### [Your objective]
What needs reproducing is the run of lines in the data below starting at the line with "PROTECTOR AUDITIVO ADAPTAR CASCO 24DB CM501" and ending at the line with "E810-XXVDA2 for OCP 3.0", both ends included. Copy it exactly, without pictures, and add nothing.

++++++

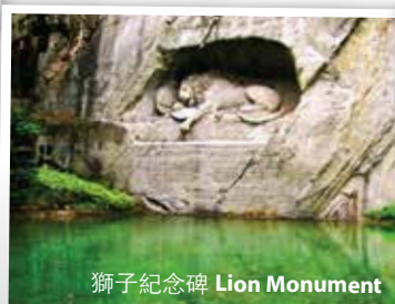
獅子紀念碑 Lion Monument

In the afternoon visit Mount Titlis in Swiss Alps. Then drive to the picturesque lakeside town of Lucerne. A short orientation tour includes Lucerne's emotive Lion Monument and the covered Chapel Bridge . You will also have time to shop for Swiss specialties.
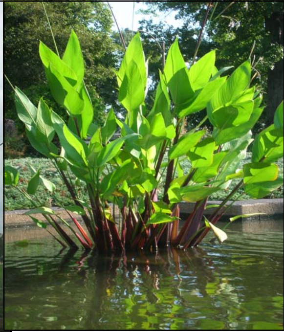
↑ Thalia ( Thalia delbata ) ← Tropical
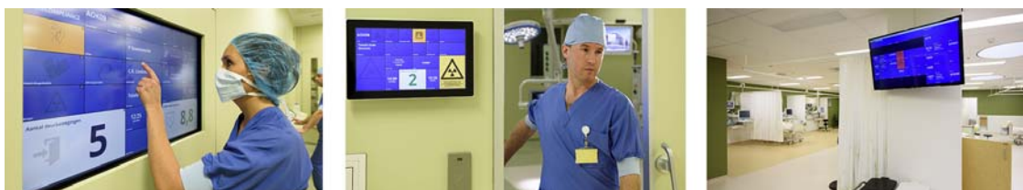
After a total of 5 months of implementation, the hospital went live with OR Cockpit+ in Dec 2015.
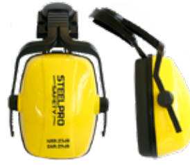
PROTECTOR AUDITIVO ADAPTAR CASCO 24DB CM501
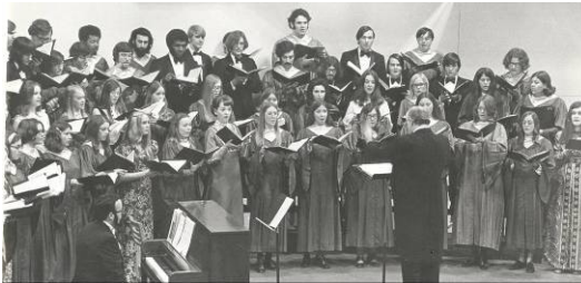
Milton College Choir circa 1972

The cost of the CD is $10.00 and it will be available at the Milton College Weekend in June, or by mail for $15.00. Order form is on page 5 with the weekend registration form.
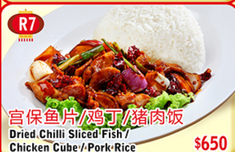
R7 宫保鱼片/鸡丁/猪肉饭 $6.50 Dried Chilli Sliced Fish / Chicken Cube / Pork Rice
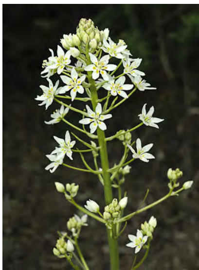
COMMON STAR LILY (Toxicoscordion fremontii) Native Perennial - Bunchflower Family - (Feb-Jun) - Grassy or wooded slopes, outcrops - Stem 16-35" tall. Flower cluster branched or unbranched. Petals 6, white to yellowish, 0.2-0.6" long, > stamens.
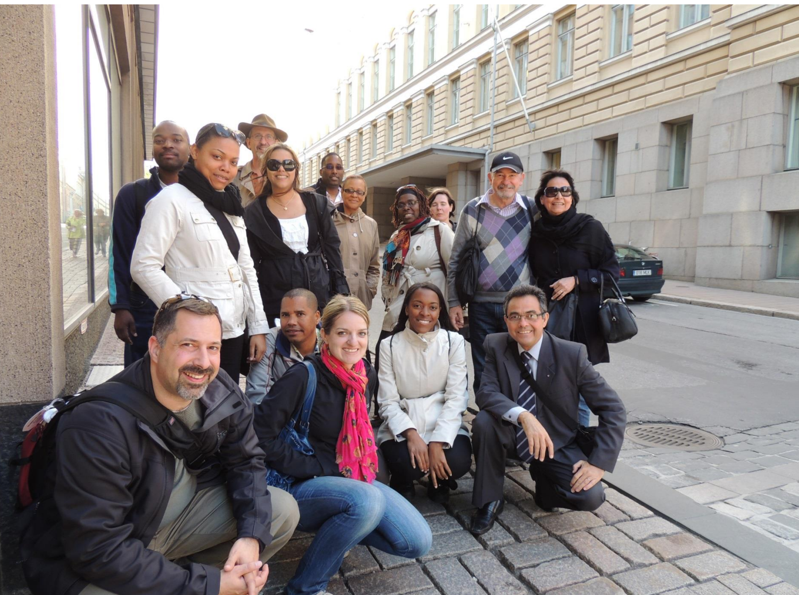
University of Helsinki
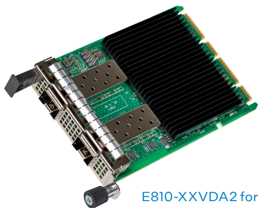
E810-XXVDA2 for OCP 3.0

Intel® Ethernet Optics, and specification-compliant Active Optical Cables and Direct Attach Cables, can support multiple configurations.
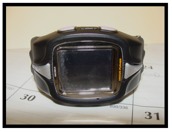
Mobile-Media Player cell phone wristwatch confiscated from inmate.

Once received, the compact size of cell phones allows inmates to easily conceal them from correctional staff in their cells or a common area on the facility grounds. On at least two occasions, correctional staff confiscated cell phones that resembled wristwatches from inmates. Inmates often hide cell phones in fans, light fixtures, books, mattresses, the walls of their cells, sinks, toilets, or shelving units.

++++++

### [Result for this exercise]
PROTECTOR AUDITIVO ADAPTAR CASCO 24DB CM501
Milton College Choir circa 1972

The cost of the CD is $10.00 and it will be available at the Milton College Weekend in June, or by mail for $15.00. Order form is on page 5 with the weekend registration form.
R7 宫保鱼片/鸡丁/猪肉饭 $6.50 Dried Chilli Sliced Fish / Chicken Cube / Pork Rice
COMMON STAR LILY (Toxicoscordion fremontii) Native Perennial - Bunchflower Family - (Feb-Jun) - Grassy or wooded slopes, outcrops - Stem 16-35" tall. Flower cluster branched or unbranched. Petals 6, white to yellowish, 0.2-0.6" long, > stamens.
University of Helsinki
E810-XXVDA2 for OCP 3.0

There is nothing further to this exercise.